Lettuce and onions, also known as wilted lettuce or killed (kilt) lettuce, is a delicious southern side dish. While each family has their own way of making it, most of us can agree that fresh leaf lettuce, onions, and bacon grease are always involved. Those of you who happen to read this blog who aren't from Appalachia may think this sounds disgusting but I'm fairly certain that you'd like it if you'd try it! 

Making this dish is super simple. First, you're going to want to gather some fresh, tender leaf lettuce. Wash, pat dry, and tear up in to smaller pieces. Next, chop up and add some onions. Spring green onions always seem to taste the best but you can add a regular ol' onion and it'll still be tasty. Now you're going to want to get some bacon grease. You can fry you up several slices of bacon, remove when crispy, chop up the bacon, and then add it and the hot grease over the lettuce and onions and toss to cover. 

Now if you sprinkle on some salt and pepper, you would be ready to enjoy your lettuce and onions the way I grew up eating them. When I got married and ate this dish at my husband's Granny Stalcup's house, I noticed that it had a little bit of a sweet taste to it. She told me that she added a splash of vinegar and sprinkling of sugar to it. It was delicious! My mother in-law happened to add a splash of pickle juice (basically the same thing) to hers and it is delicious too. 

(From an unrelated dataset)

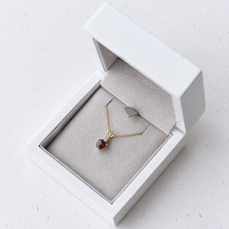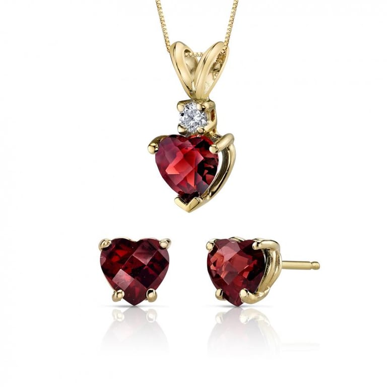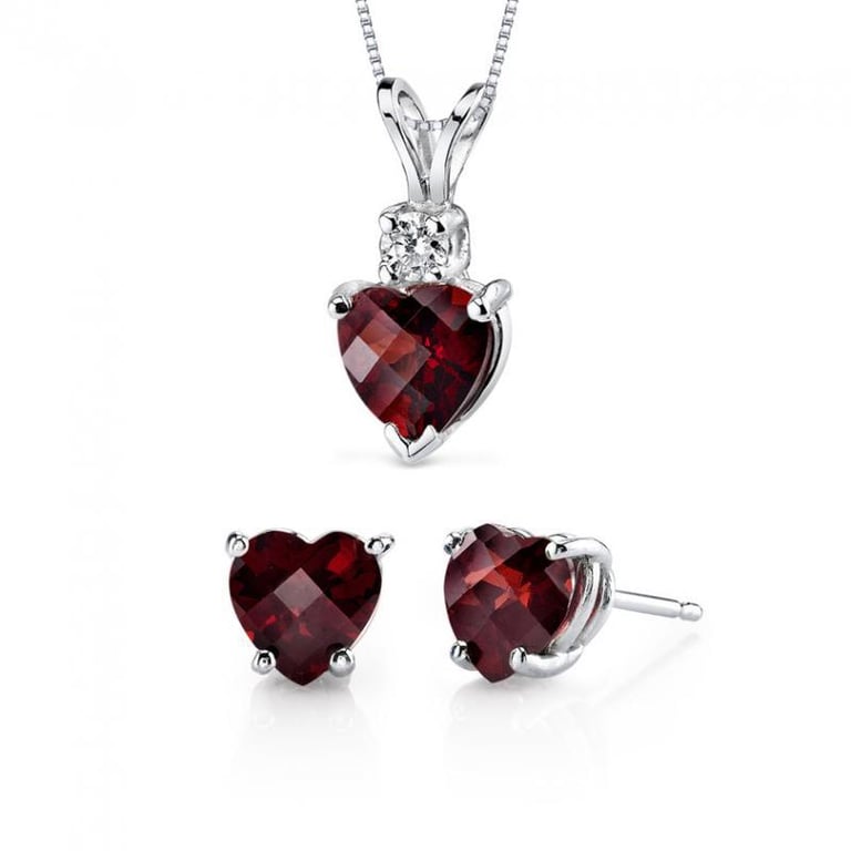• dieses Schmuckset in Weißgold beeindruckt mit den tiefroten Granatherzen

You don't have to add fresh grease if you happen to save your bacon grease. Again, some of you folks that aren't from these parts may find this odd. Trust me when I tell you that this is a long standing tradition in Appalachia. Many meals were stretched by warming up a little of that precious pork grease, adding some flour and milk, and pouring this delicious gravy over some biscuits or even meat and potatoes. Most people pour their clean grease (try to remove any bits of meat) in a Mason jar or grease can. If you happen to save your grease, just warm some up and pour over your greens. 

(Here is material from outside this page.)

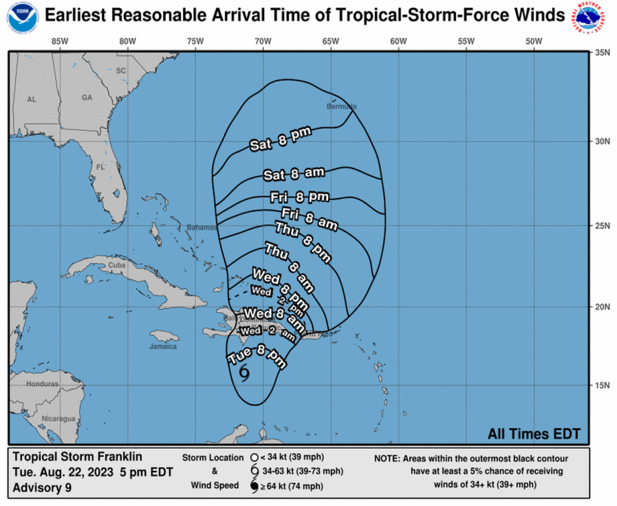 Por su parte, las autoridades de Haití y República Dominicana advirtieron a sus ciudadanos que se preparen para la llegada de la tormenta Franklin. Las islas Turcas y Caicos también estarían siendo vigiladas.

This grease can belonged to Granny Stalcup. 
After she passed, my husband and I chose this, 
a glass cookie jar that was never empty, and 
a coffee cup that Papaw Stalcup always used as 
little tokens to remember them by. 

This is what The Encyclopedia of Appalachia had to say about wilted lettuce: "Although its origin is obscure, wilted lettuce, also called killed lettuce, has long been a popular and valued food in the region. Because a variety of greens thrive for months in Appalachia, the simple recipe can be used for much of the year. As a stand alone dish, wilted lettuce can be served in lieu of a salad before a meal. As a side dish, it is commonly served with pinto beans. Wilted lettuce is not distinctly Appalachian or American; greens were cultivated and eaten in this manner in Europe for many years prior to the arrival of the colonists in the New World. The dish has also been found in some Native American diets."

Do y'all enjoy lettuce and onions? Does your family have a different recipe?